UPTON Bishop WI’s April meeting was an open meeting which attracted many visitors to hear the talk by Bob Skelt on “The People of Bletchley Park”.
Bob had worked at GCHQ for many years and had experienced training at Bletchley Park. First he explained how the mansion had been owned by the Leon family, who had entertained lavishly, and extended the original building somewhat eccentrically using architectural styles that they had seen and admired on their European travels. The Leon children didn’t want the mansion on their parents’ deaths and eventually it was sold for £7,500, originally to a builder who planned to build houses on the site.
However, in 1939 a team of British government codebreakers visited, pretending to be a shooting party and decided it was the ideal base for their work outside of London.

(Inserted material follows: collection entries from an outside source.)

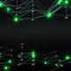 Plexus of glass spheres on the background, some have a green middle.
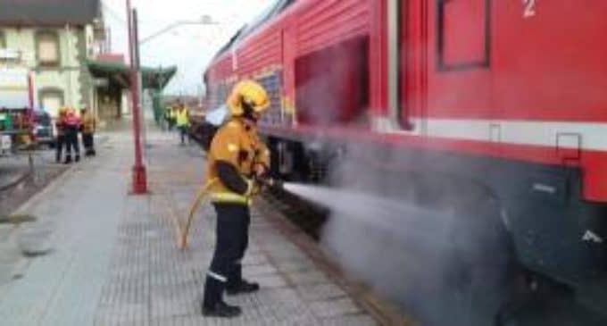 Una hora han empleado los bomberos de los parques de Elda y Villena en refrigerar un tren de mercancías que ha sufrido un incendio a las siete de la mañana de este lunes.
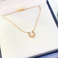 ピンクゴールドとダイヤモンドでホースシュー(馬蹄)を描いたネックレス。
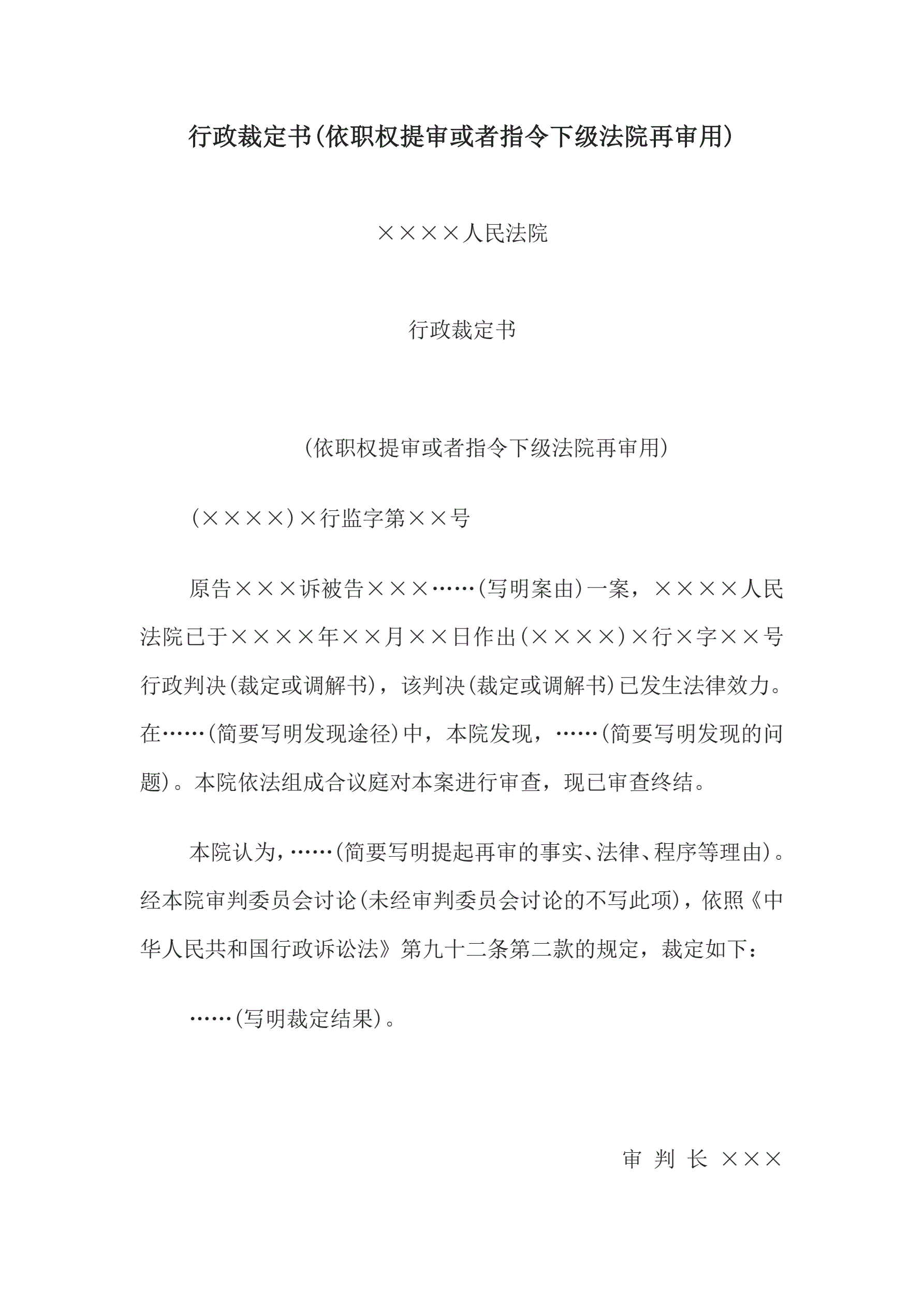 >行政裁定书(依职权提审或者指令下级法院再审用)
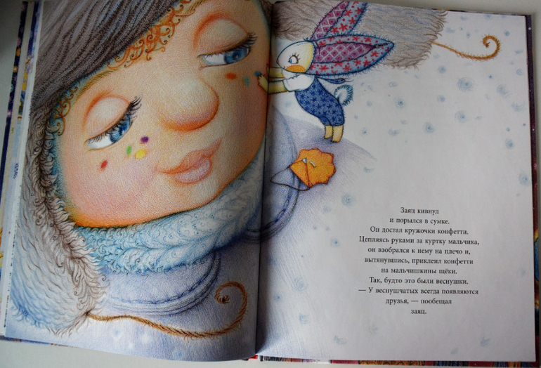 Сказка Евдокимовой поет и искрится. Необычайно красиво перетекают слова из предложения в предложение. Я и сама была восхищена, когда впервые читала, а уж дочке как понравилось слушать сказку о новогоднем игрушечном зайце! Ощущение, что Евдокимова щекотно шепчет в ушко только тебе волшебную историю. И такая радость читать все эти мельчайшие описательные детали, из которых и соткана сказка.
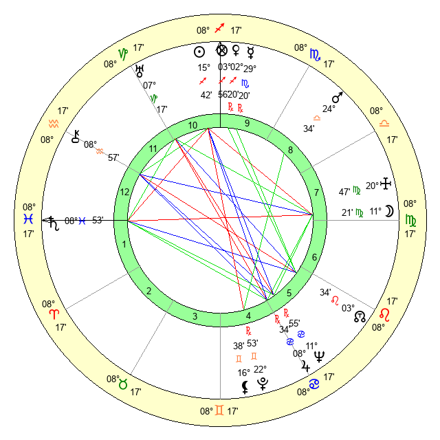 | Moon | 11 Virgo 18 | 17 Pisces 59 | 15 Capricorn 40 |
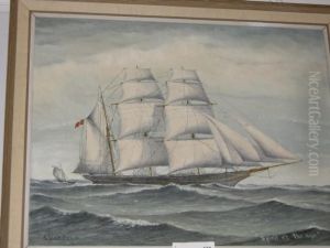 Marin Med Skutor, Signerad O Daterad 1921 Olja Pa Duk, 54x82
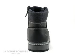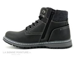 Cette chaussure montante Homme est noir mat, avec une partie en molleton gris foncé sur le haut, confortablement rembourrée.
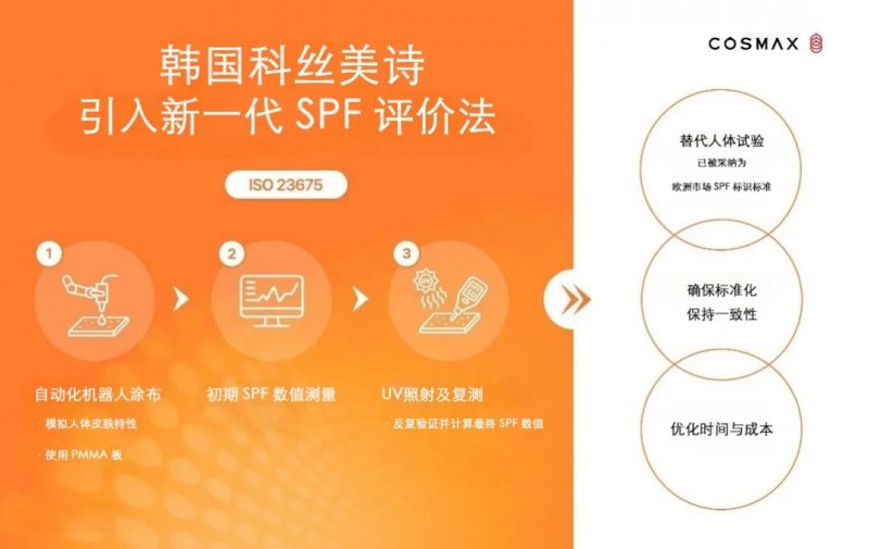 目前,韩国科丝美诗COSMAX已宣布率先在业内完成该标准的技术部署,为防晒产品前期 SPF 验证提供了更可控、可重复的体外测试参考结果。

There was very high security and it was known as Station X, it employed decoders, translators, bombe operators, analysts and reporters, the majority of staff being women. There were 100 staff in 1940 rising to 10,000 in 1944 and the number of messages at its peak was 18,000 per day.
The Enigma machine was introduced, designed by Arthur Scherbius, which had 158 trillion combinations and the combination was changed each day. A team of Polish codebreakers proved invaluable in helping Britain decode messages using duplicate machines and bombes (computer forerunners).
The first message was decoded in 1941, in 1943 the Lorenz Teleprint Machine was introduced which had 1.6 quadrillion possible settings and by 1944 there were 220 bombes in use. Many highly intelligent people, such as Mavis Batey and Alan Turing, were based there and became famous for their work.
The work was very intensive and top secret and working conditions were unpleasant. By 1952 work had moved to GCHQ and by 1982 everything was declassified.
The vote of thanks was given by Christine Jones and the evening closed with refreshments.
UBWI meets on the second Tuesday of each month at 7.30pm in the Millennium Hall.